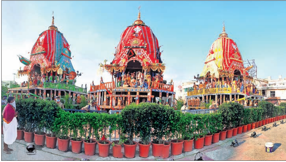
ବଡ଼ଦାଣ୍ଡର ସିଂହଦ୍ୱାର ସମ୍ମୁଖରେ ରଥାରୁଠୁ ଠାକୁର ।
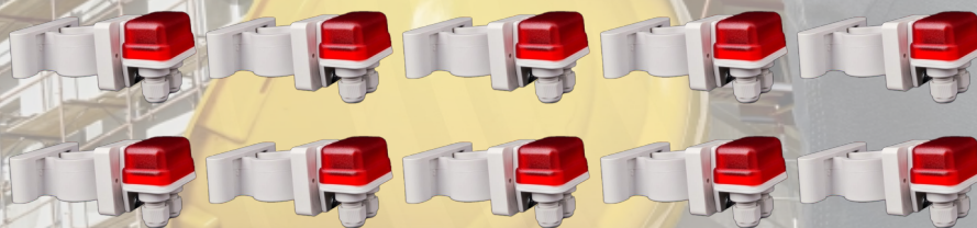
LUCI DI SICUREZZA A LED 12-24V COLORE ROSSO + CLIP DI FISSAGGIO UNIVERSALE SU PALINA

FUNZIONI: ON-OFF GESTIONE DAY-NIGHT: CON CREPUSCOLARE LUCE: LAMPEGGIANTE
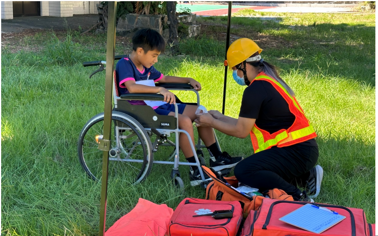
圖片 7 說明
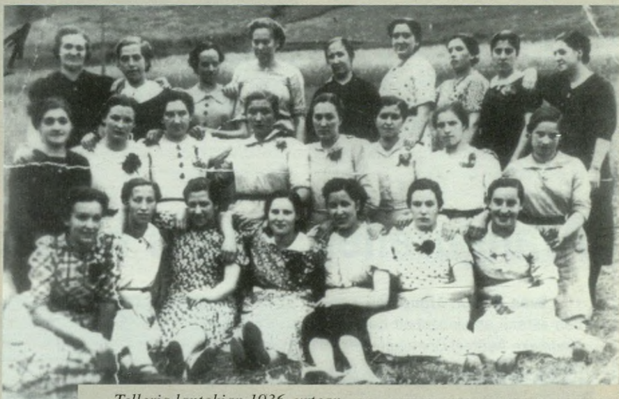
Telleria lantokian 1936. urtean. ARG.: «ANTZUOLAKO LARRU ONTZEA» LIBURUTIK

Lanak bi zutabe nagusi ditu. Alde bate-tik, etnografikoa, hau da, herriko jendea- rekin egon, euren iritzia eta bizipenak ja- so; kaleko lana, azken batean. Bigarre- nik, lehen aipatu duguna, lan historikoa, hau da, lan dokumentatua.
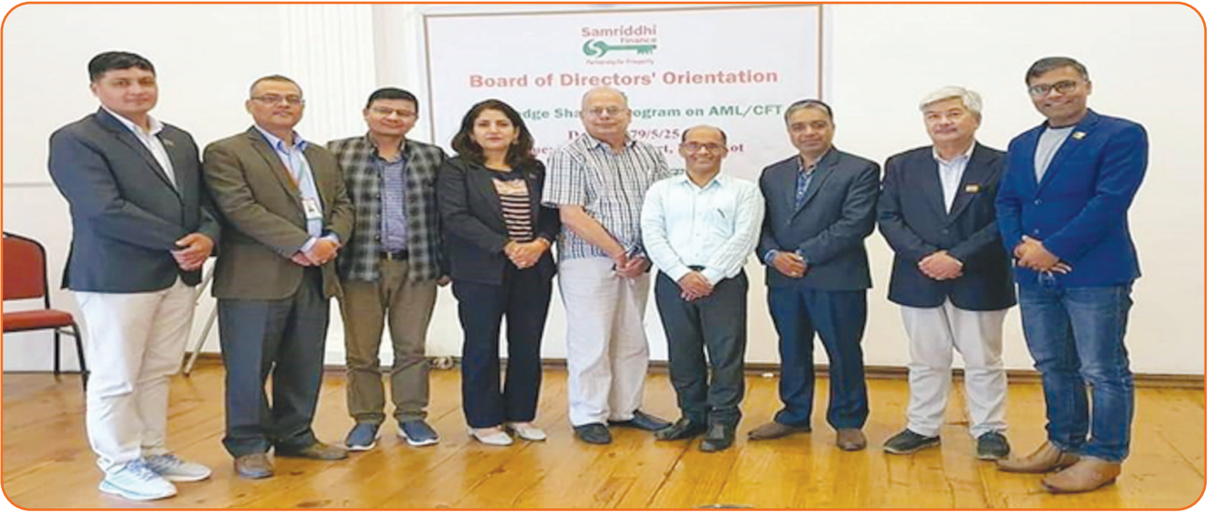
Board of Directors Orientation and Knowledge Sharing Program on AML/CFT-2019
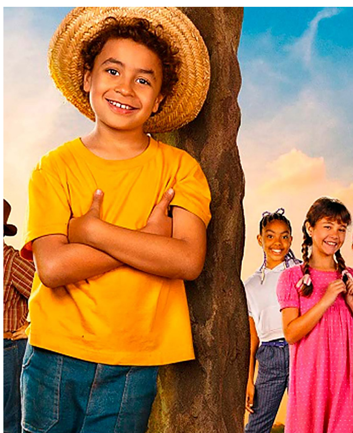
Chico Bento é outra produção nacional com preços acessíveis
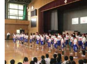
陸上フェスティバル激励会
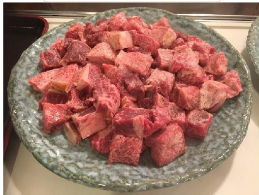
サイコロステーキ
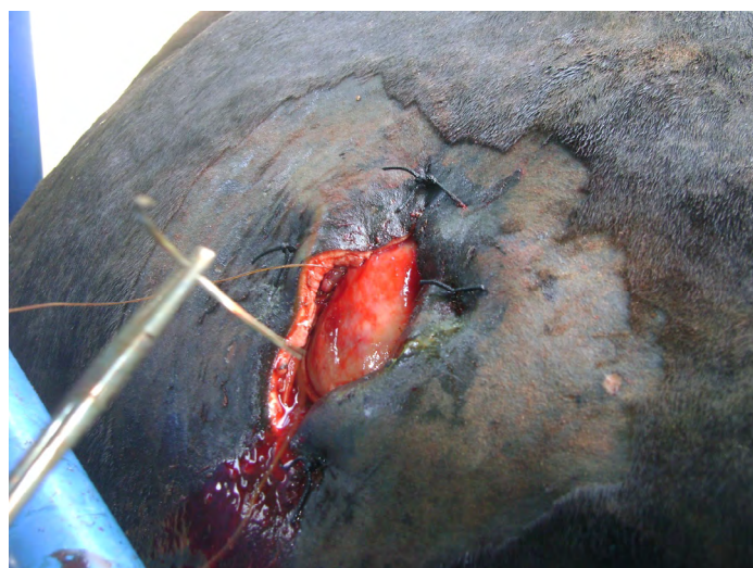
FIGURA 5. Patrón de sutura continua entre la piel y el rumen, para unirlos y permitir la ruminotomía sin riesgos de peritonitis
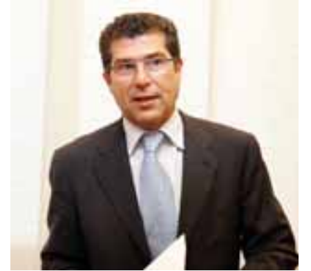
Ambos tienen problemas para encabezar las listas de los dos grandes partidos

general de los populares locales, fortalecida en la crisis interna que atraviesa su partido, dará la batalla hasta el final apoyada por el presidente provincial, José Joaquín Ripoll.
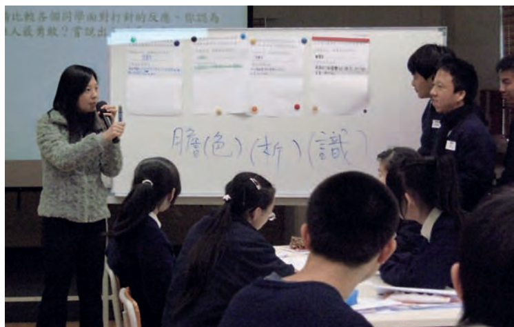
學生互評，老師從旁回饋及指正。

小組教師發揮專業精神，積極參與教學研究，努力經營改善教學策略，勇於嘗試，並樂於與同儕交流心得。小組教師在校內透過共同備課會議、共同發展以科為基地的有效教學策略，並透過定期的專業交流活動進行切磋、分享，使全校教師共享有效策略的心得和成果，促進學校成為一個追求卓越和專業的學習社群。

_Problem to work on_
In the answer, retype exactly and only the lines from the one holding "general de los" through the end of the listing, keeping both ends and dropping every picture.

_Written solution_
general de los populares locales, fortalecida en la crisis interna que atraviesa su partido, dará la batalla hasta el final apoyada por el presidente provincial, José Joaquín Ripoll.
學生互評，老師從旁回饋及指正。

小組教師發揮專業精神，積極參與教學研究，努力經營改善教學策略，勇於嘗試，並樂於與同儕交流心得。小組教師在校內透過共同備課會議、共同發展以科為基地的有效教學策略，並透過定期的專業交流活動進行切磋、分享，使全校教師共享有效策略的心得和成果，促進學校成為一個追求卓越和專業的學習社群。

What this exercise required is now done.